This is the second part in my series about Rwanda and its leadership journey. (If you missed the first part, click here.) Here are a few of my observations on key influences for the country’s current success.
1. Stewardship of natural resources; effective planning and implementation
Plastic bags are banned in Rwanda, so there is a cleanliness that is striking to travelers upon arrival in Kigali. Roads and streets are clean; air is clean. Because the mountain gorillas are a national treasure, access to them is limited and restrictions are many. This allows Rwanda to continue to be a refuge for travelers seeking to observe the gorillas in pristine, natural habitats in which you feel like a welcomed visitor in their home!
2. Importance of being connected; role of village and community
Throughout all of Rwanda I saw small meetings of villagers gathering together on weekend afternoons; they were planning to support member’s needs for health care, visitation, food, etc. Folks aren’t left to fend for themselves. Another striking example is “Umuganda” – the monthly, mandatory day of community service held the last Saturday morning of each month. Everyone aged 18- to 65-years-old is expected to do yard work in public parks or help the community in some other way. Even the President and First Lady participate.
3. Great ideas come from the collective genius of the people
Rwanda doesn’t want or need to rely on western systems or support. They have effective means of tapping into cultural wisdom to solve problems. An example of this is the Rwandan response to persecuting perpetrators of the genocide. According to Wikipedia, they settled on the Gacaca court system, which has evolved from traditional cultural communal law enforcement procedures. The Gacaca courts are a method of transitional justice, designed to promote healing and moving on from the crisis. Rwanda has especially focused on criminal prosecutions in the Gacaca courts, putting justice partially into the hands of the victims.
4. Incorporating women into leadership roles
Two-thirds of the Rwandan Parliament is female. Older Rwandan Women are respected as guardians of the home; women played a key role in keeping refuges alive. Women account for a number of leadership “firsts,” including the First Mayor of Kigali, Head of the Supreme Court, and Founder of the National Airline.
5. Accountability partnered with vision
A trip highlight was a private luncheon and reception with Rwandan President Paul Kagame and First Lady Jeannette Kagame. When we asked the President to share his thoughts on what made Rwanda so successful, he stated this as the reason.

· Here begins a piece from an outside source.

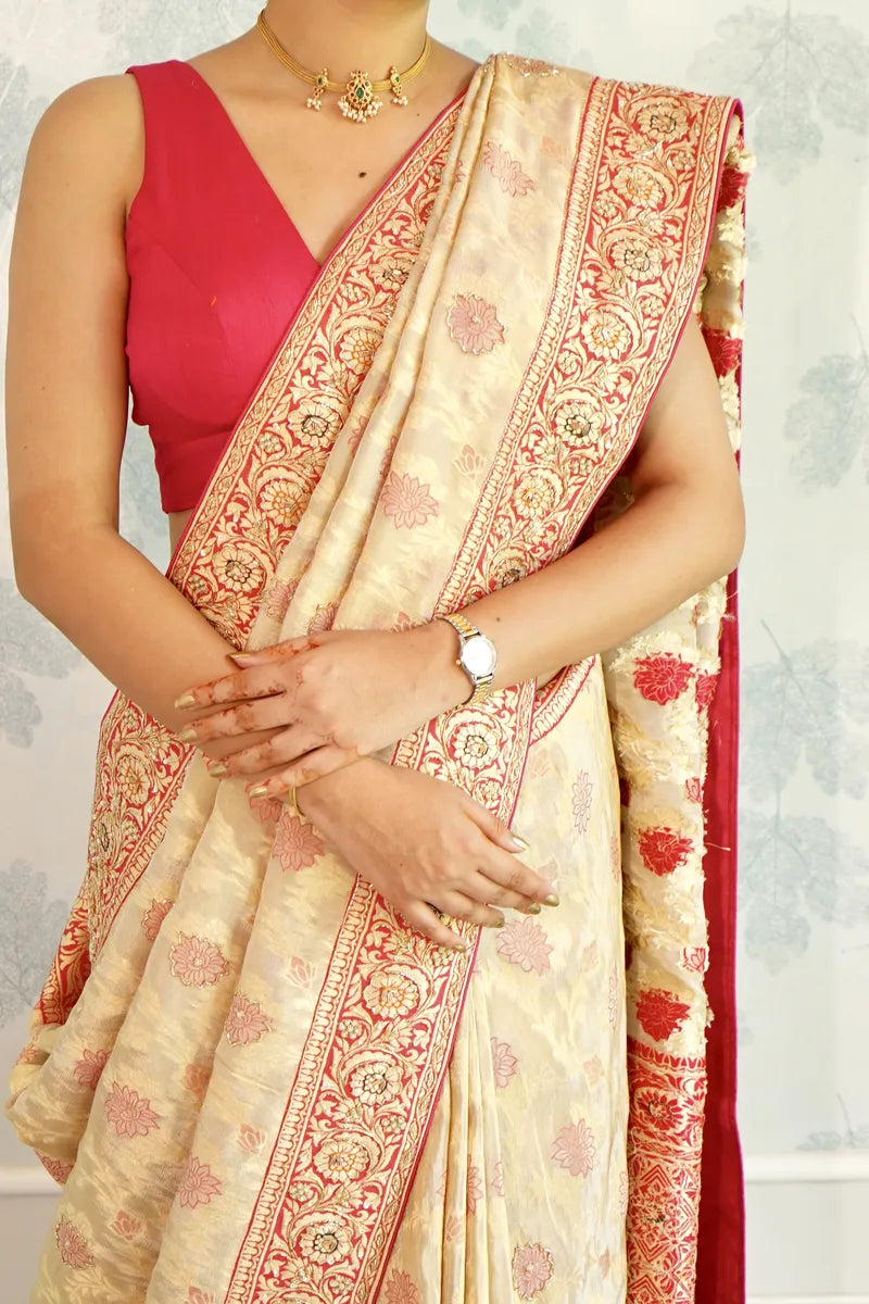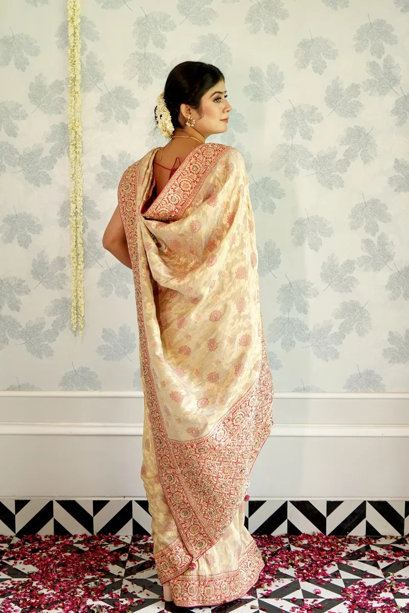 - Saree Details :Saree Fabric: Organza Silk | Blouse Fabric:Organza Silk | Saree Work:Golden Zari With Zardosi Pearls Jaal Pattern Handwork Border| Blouse Work Golden Zari Handwork Border Saree Color Creme Color | Blouse Color: Creme Color

For example, Rwanda’s efforts at malaria control are more successful than many of its neighbors. He explained that when Rwanda gave out mosquito nets, they went from house to house and then returned shortly thereafter to follow up, making sure people were using them for the proper purpose.
He said they listened to the people and accountability followed. Another example is that Rwanda has the fastest rate of infant mortality reduction in Africa. He attributes this to their requirement of prenatal care for mothers; if women don’t go for the care, they must pay the equivalent of the visit fee, in effect a penalty for not receiving wellness care for their children. Mr. Kagame told us he was alright with being called a “benevolent dictator” if it meant progress for Rwandans.
He believes leaders should be in relationship to their people, listening to them, and allowing the people to communicate what they desire and be responsive to them, while creating a climate that encourages personal responsibility.
My friend and colleague, Lauren Richman, and I came away appreciating the positive impact of applying a disciplined approach to planning and strategy, including an inspiring vision, culturally relevant approaches, and effective leadership and accountability applied by a country. “What can we do to help?” I asked the President. “Tell people that Rwanda is alive and well,” the President answered. “Tell them what you saw and heard here, and invite them to visit.”
Again, this must be said: For leaders in Rwanda, there is no “us” vs. “them.” There can’t be.
And that gives me hope for the rest of us.